Anyhow your changes make sense. I tend to shy away from self modifying code unless it has a distinct advantage and I think your use case shows a strong advantage. I'll give this a go in the next few days and then work on the interpolated 4khz version.
Re: Most efficient way to toggle a bit (flag) in memory
Posted: Thu Apr 23, 2020 7:15 am
by dp11
All the above I think leads to now removing the zp sample location which make the average case even quicker
Code: Select all
NMI_Handler:
PHA
; load sample into SID
@sample:
LDA $FFFF ; self-mod pointer to sample - overwrite this operand during init
; alternate high/low nybble
ASL flag
BCC @writeSID
INC flag
LSR A
LSR A
LSR A
LSR A
INC @sample+1
BEQ @nextpage
@writesample
ORA #$10
AND #$1F
STA SID+$18
STA $D020 ; border colour
LDA $DD0D ; clear NMI
; local exit code is now both smaller and faster than jumping to it
PLA
RTI
@nextPage:
; this is only executed every 512 samples
INC @sample+2
PHA
LDA @sample+2
CMP #stopPage+1
PLA
BCC writesample
@stop:
ORA #$10
AND #$1F
STA SID+$18
STA $D020 ; border colour
; switch off the timers
LDA #0
STA $DD0E
LDA #$4F
STA $DD0D
LDA $DD0D
; restore banking
LDA #$37
STA $01
PLA
RTI
The maybe typos but you should get the idea.

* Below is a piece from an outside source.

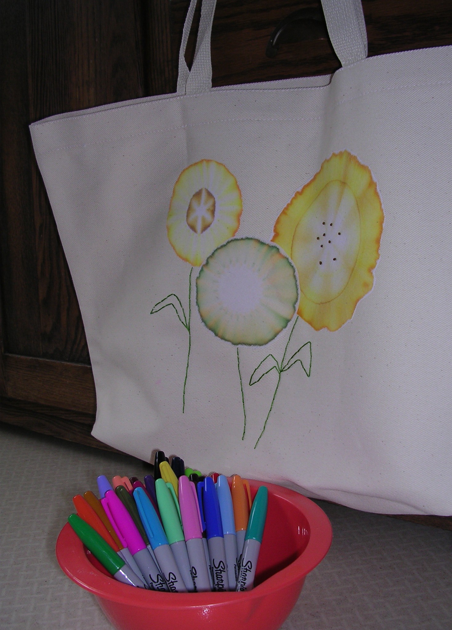 To eliminate the use of plastic and paper bags, I use canvas bags for grocery shopping and my weekly trip to the farmers market in the summertime. My plain jane cream-colored bags were begging for a hip new look so with a few markers, rubbing alcohol, a glass, a rubber band and an eyedropper… I have a bag worthy of its contents. Can you envision the bag bulging with in-season farmers' market products… a wooden pint box of raspberries, a bundle of asparagus spears, a jar of rhubarb strawberry jam and a loaf of homemade bread to slather it on, the first purple snap beans and peas of the season, lemon balm to flavor herbal tea, and some cutting garden flowers standing proudly upright tucked to one side? Markers come in so many summery colors with fun names… kiwi, dandelion, marigold, pink lemonade, and boysenberry. Wouldn't that be a dream job… to brainstorm marker names? The directions include a "movement of molecules, given the right solvent," science lesson tied in with the project. To tie it in with a learning objective and create a cute product… how fun is that?! A couple tips: Eyedroppers can be found at your local drug store in the eye care section by the contact lens solutions. Do the project outdoors or with the breeze blowing in through open windows. Permanent markers have a strong stench.
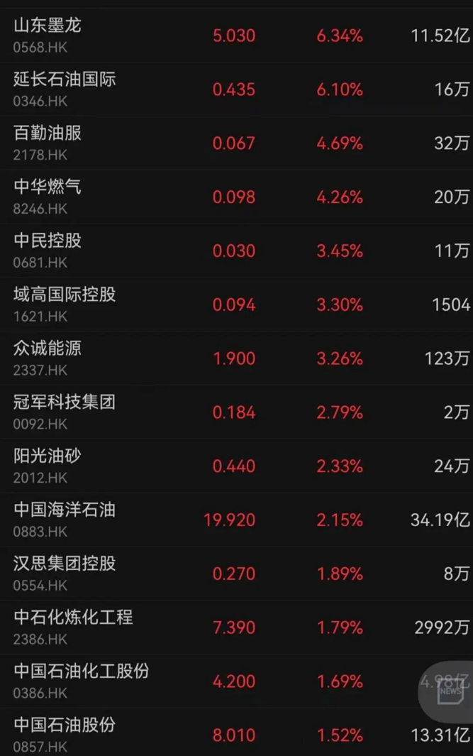 山东墨龙、延长石油国际涨超6%,中国海洋石油、中国石油化工股份、中国石油股份分别上涨2.15%、1.69%、1.52%。

The ending looks as though It can be tidied up.
Re: Most efficient way to toggle a bit (flag) in memory
Posted: Thu Apr 23, 2020 7:28 am
by Chromatix
I see what you're trying to do there, and I considered making a similar adjustment myself, but this now means there's a different delay between /NMI and the sample appearing in the SID for alternate samples; one path has to go through the LSR chain and possibly the page-increment code, while the other goes directly. That sort of timing effect could produce an audible distortion.
And, for the sake of one ZP byte, the code is a great deal messier and harder to read. That's in part because the labels aren't really consistent with function any more, but there is also more duplication of code. I think if you were that desperate for a ZP byte, you should just move the sample storage to an absolute address, with very little code size/speed penalty.